COLUMN: Marriage used as a form of discrimination
February 27, 2004
One of the reasons our country is great is because of laws regarding equal rights of citizens and the government’s responsibility to uphold those rights.
Along with the condition that the government is separate from all religious affiliations, these policies have allowed us to become a free and democratic nation. Today, President Bush is fighting to crumble the foundations our nation was built on and its progression, such as civil and women’s rights, by aiming to amend the Constitution to ban the marriage of homosexuals.
The fundamental flaw in his argument is that to deny homosexuals the right to marriage would be to legally discriminate against a class of people defined by an inherent and unchangeable trait.
There are several reasons the opposition feels the need to restrict these people’s rights. The first is they feel it will destroy the idea of marriage.
If the “objective” of marriage is not just to procreate (for then we would be no different than animals) but to sustain a loving and meaningful relationship, then homosexuals are just as capable of having a legitimate marriage as heterosexuals.
Additionally, there are many sterile couples who cannot have children of their own, like homosexual couples. If these sterile couples are able to have “legitimate” marriages because of the healthy and loving bond they share, then why not homosexuals as well?
The opposition also claims gay marriage would lead to an increased number of adoptions, that gays are bad parents for lack of mother and father figures, and, heaven forbid, the children would be “influenced to be gay.”
Published studies conclude that there are no developmental differences between children of heterosexual and homosexual parents.
In fact, many professional associations — including the American Academy of Pediatrics, the American Psychiatric Association, the American Psychoanalytic Association and the American Psychological Association — have issued formal statements supporting parenting and adoption for homosexuals. Numerous studies show that children are not “raised to be gay.”

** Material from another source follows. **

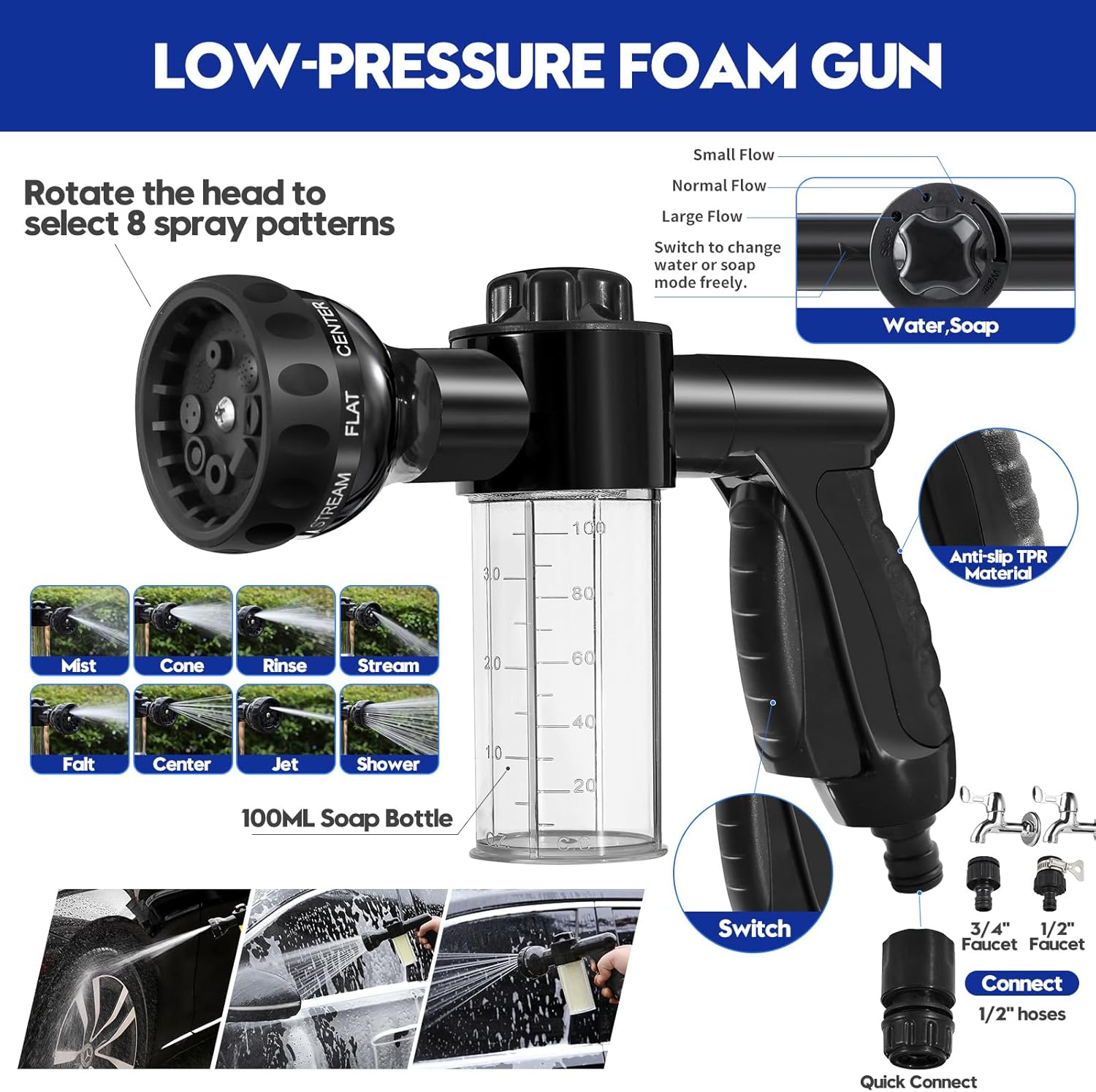 Car Wash Foam Gun & Bucket & Windshield Cleaner Kit: The low-pressure foam gun with 8 spray patterns and 3 quick connectors to connect 1/2″ hoses makes car wash effeicently. The portable 11L collapsible bucket is ideal for car washing at any time any place. Windshield cleaner tool helps to remove the fog, moisture or dirt on car window. Towels and wash mitt are soft and safe to wash on delicate surfaces. Please make sure that the towels have been washed before starting to use them

In 1995, J. Bailey and his colleagues studied “adult sons of gay fathers and found more than 90 percent of the sons to be heterosexual.” This is due to the fact that being gay is not a choice, but rather a innate trait. In a previous study done by Bailey and colleagues in 1991, 52 percent of cases of identical twins of which one was gay, the other was gay as well, while only 9.2 percent of brothers studied showed that if one was gay, the other was as well.
The bottom line is said best by the American Psychological Association — “human beings can not choose to be either gay or straight.”

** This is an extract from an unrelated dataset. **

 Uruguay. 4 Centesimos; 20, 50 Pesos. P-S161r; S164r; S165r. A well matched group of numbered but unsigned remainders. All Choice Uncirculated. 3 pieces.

What it finally boils down to is religion. Many religions’ stances on the topic are that homosexuality is inherently wrong. I respect that opinion and feel it is an important one, given our nation’s belief in religious freedom.
The problem with an amendment to the Constitution is that people wish to push their personal religious beliefs through secular national law. The Constitution and several Supreme Court cases specifically discuss this issue and have clearly laid out a separation of church and state. The government can’t pass religion-based laws, period.

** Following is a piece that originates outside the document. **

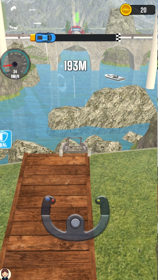 在起飞区域拖动汽车向后拉拽,借助力度条来判断蓄力的程度。

The real moral decision here is that we, as a nation, are discussing systematically selecting a group of people who are different from the majority and actively choosing to deny them basic rights because of their innate differences.
This has occurred a few times before in our history, most prominently when determining the legality of slavery and women’s suffrage. After the efforts of Martin Luther King Jr. and Susan B. Anthony, who fought for equal rights for all citizens, I find it hard to believe that we have a president who is trying to amend the Constitution to legally discriminate against a distinct group of people.
Jeff Rothblum is a sophomore in aerospace engineering from Buffalo Grove, Ill. He is a member of the ISU Democrats.